海姆达尔现在明白那天好心人的意思了,真令人不快。
“德姆斯特朗竟然允许?而且还是光天化日之下的?”
“事实上这个制度已经运行好几百年了,只要有饲养者存在,我想它还会继续运作下去。”
“海姆达尔·斯图鲁松先生?”
刚出了实验研究室,有人叫住了他。
海姆达尔眨眨眼,转身看向这位陌生人。这人说的一口腔调古怪的英文,而且口音浓重,如果不仔细听还真不晓得他说了什么。
“有何贵干?”
“不敢当。”男人彬彬有礼地脱下礼貌,露出一个头发稀疏的脑瓜。中等身高,身材有点发福,他的脸圆润丰满,留着一小排整齐的小胡子。胡子会随着说话上下抖动,看起来非常滑稽。
“我是希兹,泰勒·希兹。很荣幸为您服务。”
“我没叫过外卖。”
希兹的脸僵了一下,笑容差点脱落:“您真幽默。”
“我从不和陌生人开玩笑。”
也许是海姆达尔口吻中的严厉刺激到了希兹,他立刻靠近一步说:“我知道我此次前来很是冒昧,一定打扰到了您——”
海姆达尔果断地打岔,“再见。”
“等等!”他慌忙拉住他,此举换得海姆达尔一个毫不掩饰的厌烦眼神,男人立刻烫手般的松开手掌,并干笑着说:“您不知道我接下来要说什么,如果知道您一定不会容许自己这么不近人情。”

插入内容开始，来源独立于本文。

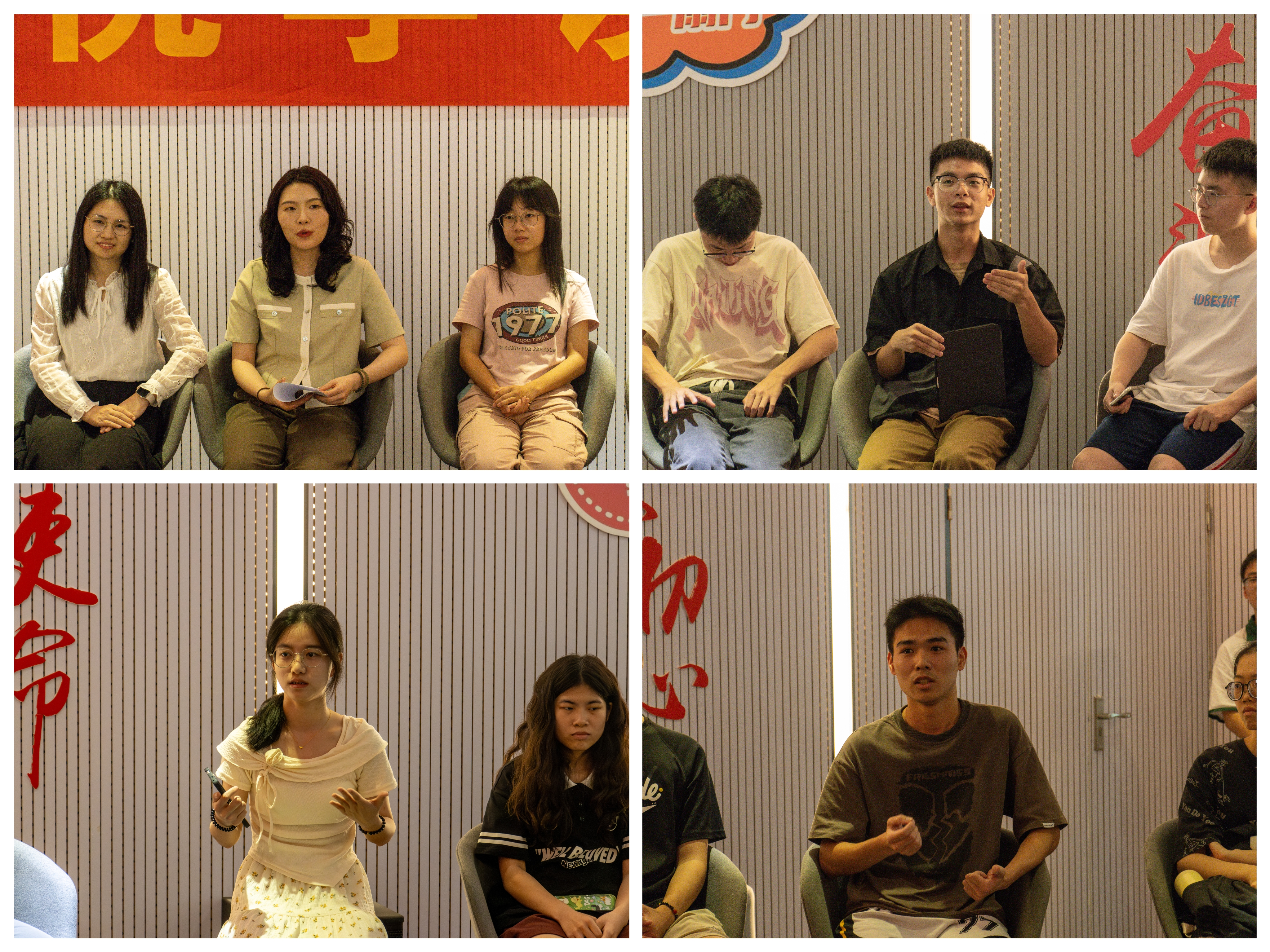 在自由讨论环节,同学们敞开心扉,一起探讨“人生的方向”,纷纷分享各自的人生经历以及对未来的展望,有同学表示在资源丰富的时代,追寻自己的人生方向要敢于尝试,不畏挫折,方能行以致远;两位老师鼓励同学们不断找寻自己的人生方向,把握人生机遇,先树立阶段小目标,并不断实现,人生目标便会顺势而得。

这话有点严重了。海姆达尔挑高一边眉毛,面无表情地睨视对方。他的举动无形中给对方造就了压力,冷汗从男人的后背冒出头来。
男人下意识摸了摸小胡子,告诉自己,对方不过是个年仅十岁的孩子。他定定神说:“当我得知德姆斯特朗事隔多年终于再度出现预备生时,心情无比激动。我告诉自己,又一个天才诞生了!”
海姆达尔干巴巴地说了声谢谢,缘于对方的讨好眼神。仿佛他不做点什么,他们的对话就会止步不前,他当然不想事情变成那样。

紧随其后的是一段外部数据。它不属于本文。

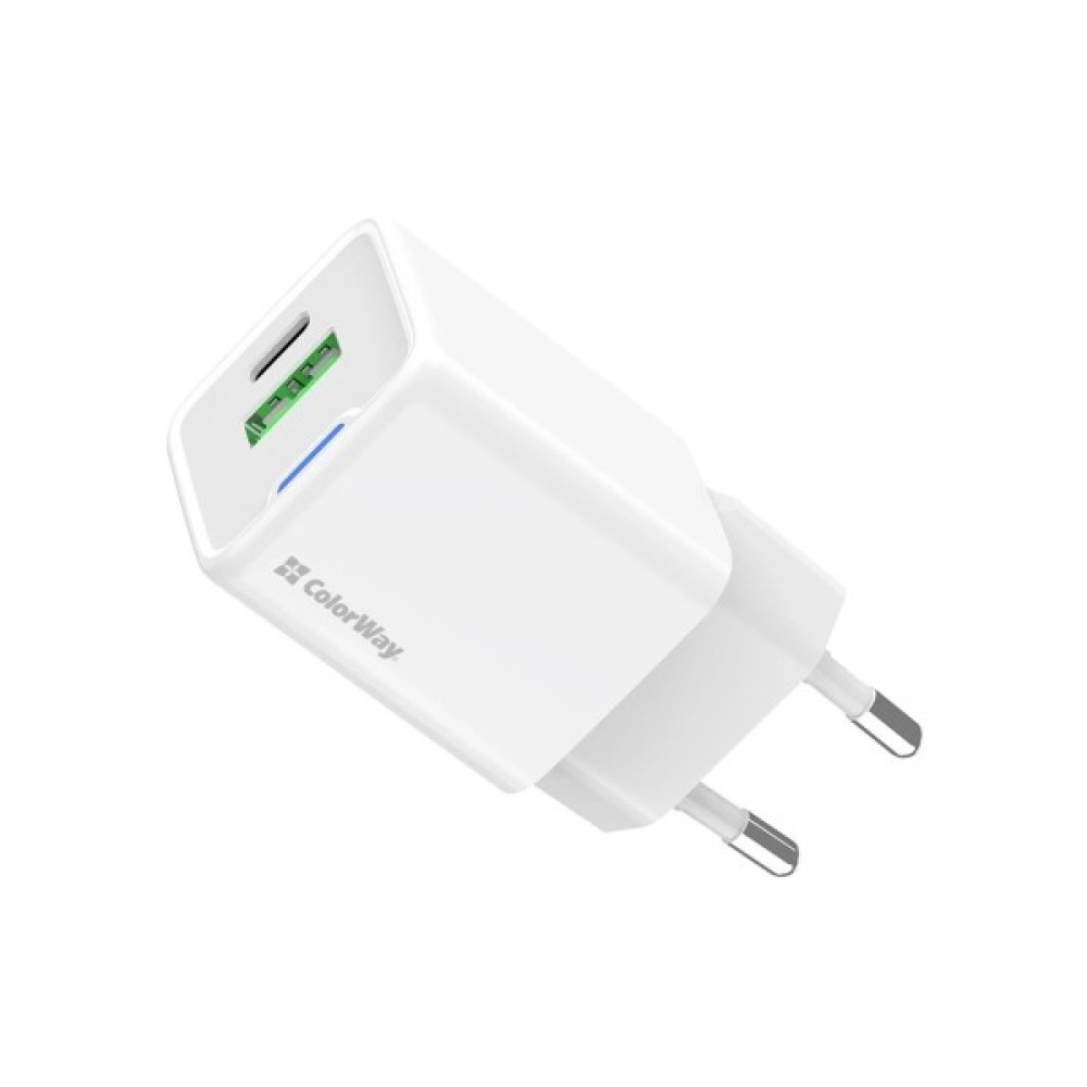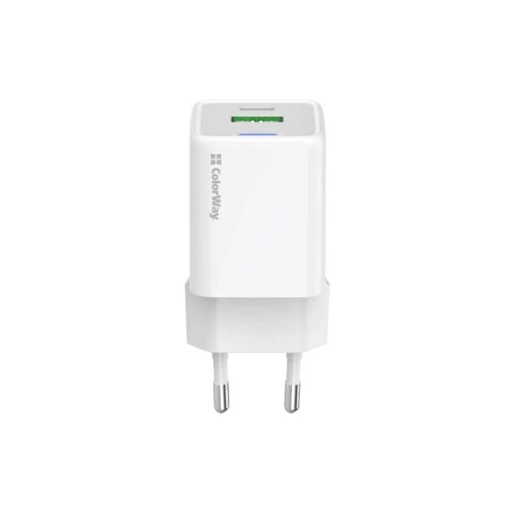 Зарядний пристрій ColorWay USB-C PD20W + 1xUSB QC4.0 white (CW-CHS062PD-WT) — це сучасний адаптер для тих, хто цінує швидкість та надійність. Виконаний у компактному розмірі та елегантному білому кольорі, цей пристрій відзначається високою якістю та зручністю експлуатації.

男人的讴歌冗长烦琐,熟练程度让人怀疑他曾背诵过无数次。
海姆达尔平静地提醒:“请您长话短说。”
男人闻言一窒,咽了咽嗓子,随后扯出个令人作呕的笑容,煞有介事且神秘兮兮地说:“埃达·博纳瑟拉先生想认识您。”听那口气,好像他正怀揣什么绝世珍宝,而海姆达尔正是那个将要一睹为快地幸运儿。
海姆达尔半眯着眼睛瞄他一眼,意兴阑珊但语气果断地说:“抱歉,没兴趣。”
没想到事情会被闹大。
第二天,海姆达尔一进食堂,屁股还没沾上椅子,就不断有学生上前来对他竖大拇哥。
“太有个性了!干得好!”
“那个眼高于顶的埃达早该受点教训了!”
“希兹一定又掉了不少头发吧。”
……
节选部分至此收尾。